Source material:
┌──
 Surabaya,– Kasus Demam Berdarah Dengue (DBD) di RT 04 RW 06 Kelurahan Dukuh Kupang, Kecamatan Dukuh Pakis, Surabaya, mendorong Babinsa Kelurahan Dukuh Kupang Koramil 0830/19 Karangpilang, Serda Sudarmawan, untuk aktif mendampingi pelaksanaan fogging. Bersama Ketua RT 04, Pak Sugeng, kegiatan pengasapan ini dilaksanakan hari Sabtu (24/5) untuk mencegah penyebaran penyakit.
└──
┌──
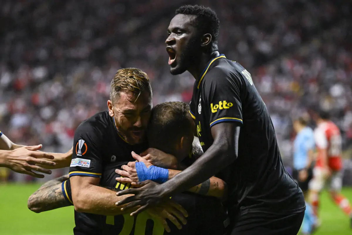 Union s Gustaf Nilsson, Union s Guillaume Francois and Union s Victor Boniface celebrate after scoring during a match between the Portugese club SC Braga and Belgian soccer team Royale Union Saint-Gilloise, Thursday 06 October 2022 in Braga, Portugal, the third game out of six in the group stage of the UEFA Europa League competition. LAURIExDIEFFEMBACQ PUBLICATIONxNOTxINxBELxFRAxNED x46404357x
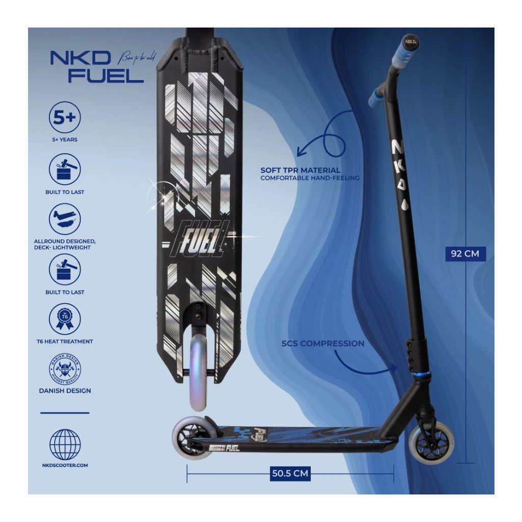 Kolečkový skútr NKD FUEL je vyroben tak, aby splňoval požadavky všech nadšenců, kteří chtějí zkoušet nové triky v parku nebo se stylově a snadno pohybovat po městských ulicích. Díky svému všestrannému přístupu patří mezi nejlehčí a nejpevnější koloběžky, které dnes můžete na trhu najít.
└──
┌──
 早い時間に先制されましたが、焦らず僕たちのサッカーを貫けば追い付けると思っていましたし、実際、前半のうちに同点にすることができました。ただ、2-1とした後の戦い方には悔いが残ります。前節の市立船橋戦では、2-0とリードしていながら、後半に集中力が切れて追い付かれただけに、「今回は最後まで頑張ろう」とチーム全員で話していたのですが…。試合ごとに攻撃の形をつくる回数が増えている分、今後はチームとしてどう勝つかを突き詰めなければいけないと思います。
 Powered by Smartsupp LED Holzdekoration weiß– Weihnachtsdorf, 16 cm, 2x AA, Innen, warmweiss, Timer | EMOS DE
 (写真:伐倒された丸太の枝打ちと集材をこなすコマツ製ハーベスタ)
└──
What you have to do:
In the listing above, locate the line containing "早い時間に先制されましたが、" and the line containing "(写真:伐倒された丸太の枝打ちと集材をこなすコマツ製ハーベスタ)". Transcribe those two lines and everything between them, exactly as written.

Output of the task:
 早い時間に先制されましたが、焦らず僕たちのサッカーを貫けば追い付けると思っていましたし、実際、前半のうちに同点にすることができました。ただ、2-1とした後の戦い方には悔いが残ります。前節の市立船橋戦では、2-0とリードしていながら、後半に集中力が切れて追い付かれただけに、「今回は最後まで頑張ろう」とチーム全員で話していたのですが…。試合ごとに攻撃の形をつくる回数が増えている分、今後はチームとしてどう勝つかを突き詰めなければいけないと思います。
 Powered by Smartsupp LED Holzdekoration weiß– Weihnachtsdorf, 16 cm, 2x AA, Innen, warmweiss, Timer | EMOS DE
 (写真:伐倒された丸太の枝打ちと集材をこなすコマツ製ハーベスタ)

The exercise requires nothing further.